First rule of emulator club: you do not talk about piracy

“The Yuzu Discord was really careful about not mentioning piracy — they even scanned the logs from bug reports to check whether the people are using self-made copies of games,” one fork contributor tells me.

“They had a metaphorical gun to their heads,” says another, calling bullshit on Yuzu’s admission that it was “primarily designed to circumvent and play Nintendo Switch games” and thus broke the law.

None of the developers I spoke to have a tremendous amount to lose. It’s not their livelihoods at stake, and they don’t have extra mouths to feed. But they’re still relying on the good graces of companies like Nintendo.

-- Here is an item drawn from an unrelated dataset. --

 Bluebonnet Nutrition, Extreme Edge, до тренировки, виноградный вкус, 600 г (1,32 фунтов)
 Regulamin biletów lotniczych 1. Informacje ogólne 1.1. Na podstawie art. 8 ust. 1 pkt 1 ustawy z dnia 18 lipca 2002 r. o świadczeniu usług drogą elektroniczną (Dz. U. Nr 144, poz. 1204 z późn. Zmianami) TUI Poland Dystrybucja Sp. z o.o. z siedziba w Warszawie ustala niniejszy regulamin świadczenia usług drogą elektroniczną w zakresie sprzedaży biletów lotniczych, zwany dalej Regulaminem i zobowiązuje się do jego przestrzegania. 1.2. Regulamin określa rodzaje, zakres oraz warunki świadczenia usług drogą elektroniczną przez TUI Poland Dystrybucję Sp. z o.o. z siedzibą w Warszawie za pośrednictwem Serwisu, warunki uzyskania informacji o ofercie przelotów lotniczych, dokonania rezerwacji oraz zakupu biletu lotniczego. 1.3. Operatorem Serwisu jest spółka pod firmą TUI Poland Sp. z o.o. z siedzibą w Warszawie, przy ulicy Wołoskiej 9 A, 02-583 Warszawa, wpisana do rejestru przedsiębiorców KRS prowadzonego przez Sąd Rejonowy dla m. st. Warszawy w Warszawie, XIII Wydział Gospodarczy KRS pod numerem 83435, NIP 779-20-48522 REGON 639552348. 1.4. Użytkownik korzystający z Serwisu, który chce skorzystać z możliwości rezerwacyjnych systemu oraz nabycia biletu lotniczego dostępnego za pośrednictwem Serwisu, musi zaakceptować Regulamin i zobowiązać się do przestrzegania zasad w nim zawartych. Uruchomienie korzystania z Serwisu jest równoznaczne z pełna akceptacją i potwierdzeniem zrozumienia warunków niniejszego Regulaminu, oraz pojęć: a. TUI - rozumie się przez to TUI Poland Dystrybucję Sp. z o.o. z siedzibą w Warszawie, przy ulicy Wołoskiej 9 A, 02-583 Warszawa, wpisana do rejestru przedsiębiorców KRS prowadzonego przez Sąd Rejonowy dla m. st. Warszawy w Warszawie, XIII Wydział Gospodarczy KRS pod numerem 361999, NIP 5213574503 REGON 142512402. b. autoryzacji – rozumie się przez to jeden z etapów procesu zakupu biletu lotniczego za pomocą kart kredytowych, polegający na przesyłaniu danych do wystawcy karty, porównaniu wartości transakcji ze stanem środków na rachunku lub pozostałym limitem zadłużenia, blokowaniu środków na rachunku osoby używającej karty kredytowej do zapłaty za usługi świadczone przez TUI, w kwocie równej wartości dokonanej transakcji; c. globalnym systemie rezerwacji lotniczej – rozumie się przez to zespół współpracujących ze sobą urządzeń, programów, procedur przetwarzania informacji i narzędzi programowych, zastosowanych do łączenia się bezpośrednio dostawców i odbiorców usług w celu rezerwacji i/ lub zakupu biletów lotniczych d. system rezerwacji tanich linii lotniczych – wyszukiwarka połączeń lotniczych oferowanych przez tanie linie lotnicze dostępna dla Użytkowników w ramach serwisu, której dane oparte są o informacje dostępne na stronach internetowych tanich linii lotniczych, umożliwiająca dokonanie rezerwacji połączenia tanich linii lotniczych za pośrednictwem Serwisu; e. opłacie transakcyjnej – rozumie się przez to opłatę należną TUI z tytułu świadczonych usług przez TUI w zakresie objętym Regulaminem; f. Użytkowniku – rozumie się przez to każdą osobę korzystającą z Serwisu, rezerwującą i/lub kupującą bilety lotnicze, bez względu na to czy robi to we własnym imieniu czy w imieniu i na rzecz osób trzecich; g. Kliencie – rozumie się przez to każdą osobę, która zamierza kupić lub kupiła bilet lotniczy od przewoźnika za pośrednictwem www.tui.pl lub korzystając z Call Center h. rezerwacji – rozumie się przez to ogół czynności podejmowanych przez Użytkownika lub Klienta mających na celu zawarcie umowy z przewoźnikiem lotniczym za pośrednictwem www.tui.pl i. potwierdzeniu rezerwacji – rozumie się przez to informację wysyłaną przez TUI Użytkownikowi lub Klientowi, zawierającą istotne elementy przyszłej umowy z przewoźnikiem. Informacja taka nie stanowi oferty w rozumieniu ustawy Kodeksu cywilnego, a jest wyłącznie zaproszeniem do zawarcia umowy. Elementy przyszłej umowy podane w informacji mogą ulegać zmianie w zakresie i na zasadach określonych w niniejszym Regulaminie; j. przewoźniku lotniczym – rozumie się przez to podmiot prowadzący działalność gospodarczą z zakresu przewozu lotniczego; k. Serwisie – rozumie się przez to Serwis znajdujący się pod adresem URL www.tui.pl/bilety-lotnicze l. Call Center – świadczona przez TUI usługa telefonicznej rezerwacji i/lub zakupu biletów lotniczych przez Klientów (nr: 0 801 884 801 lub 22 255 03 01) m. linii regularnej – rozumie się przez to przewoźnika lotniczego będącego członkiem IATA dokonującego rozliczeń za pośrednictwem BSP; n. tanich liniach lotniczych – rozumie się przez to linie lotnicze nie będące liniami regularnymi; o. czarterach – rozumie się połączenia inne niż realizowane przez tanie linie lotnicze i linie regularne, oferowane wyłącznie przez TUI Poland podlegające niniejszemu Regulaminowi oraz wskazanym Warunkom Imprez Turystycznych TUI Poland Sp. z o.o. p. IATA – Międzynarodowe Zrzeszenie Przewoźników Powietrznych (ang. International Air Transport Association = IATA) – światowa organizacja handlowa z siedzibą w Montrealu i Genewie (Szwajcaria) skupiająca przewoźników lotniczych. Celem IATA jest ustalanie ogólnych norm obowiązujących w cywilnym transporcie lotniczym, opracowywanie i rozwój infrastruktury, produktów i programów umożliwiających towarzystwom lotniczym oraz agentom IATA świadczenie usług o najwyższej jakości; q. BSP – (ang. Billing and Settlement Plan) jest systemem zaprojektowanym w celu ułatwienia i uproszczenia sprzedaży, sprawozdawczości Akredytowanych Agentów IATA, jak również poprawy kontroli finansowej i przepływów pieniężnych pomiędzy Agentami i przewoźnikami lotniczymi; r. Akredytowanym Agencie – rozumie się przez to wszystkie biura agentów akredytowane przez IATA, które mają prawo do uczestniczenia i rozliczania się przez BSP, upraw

The big companies do sometimes profit from letting emulation run its course. You can download classic games for the Nintendo Switch and PlayStation 5 today because of emulators. Nintendo is said to have hired from the scene for its own in-house emulation team, and Sony definitely did, hiring at least one developer of the PlayStation 2 emulator PCSX2 to bring PS2 games to PS4.

Today, his company, Implicit Conversions, works with Sony to put PS1 and PSP games on PS5, with downloadable Sony games like Twisted Metal and Syphon Filter quietly powered by emulation. It’s one reason to be optimistic: maybe Nintendo will see at least some benefit in leaving the rest of the scene alone.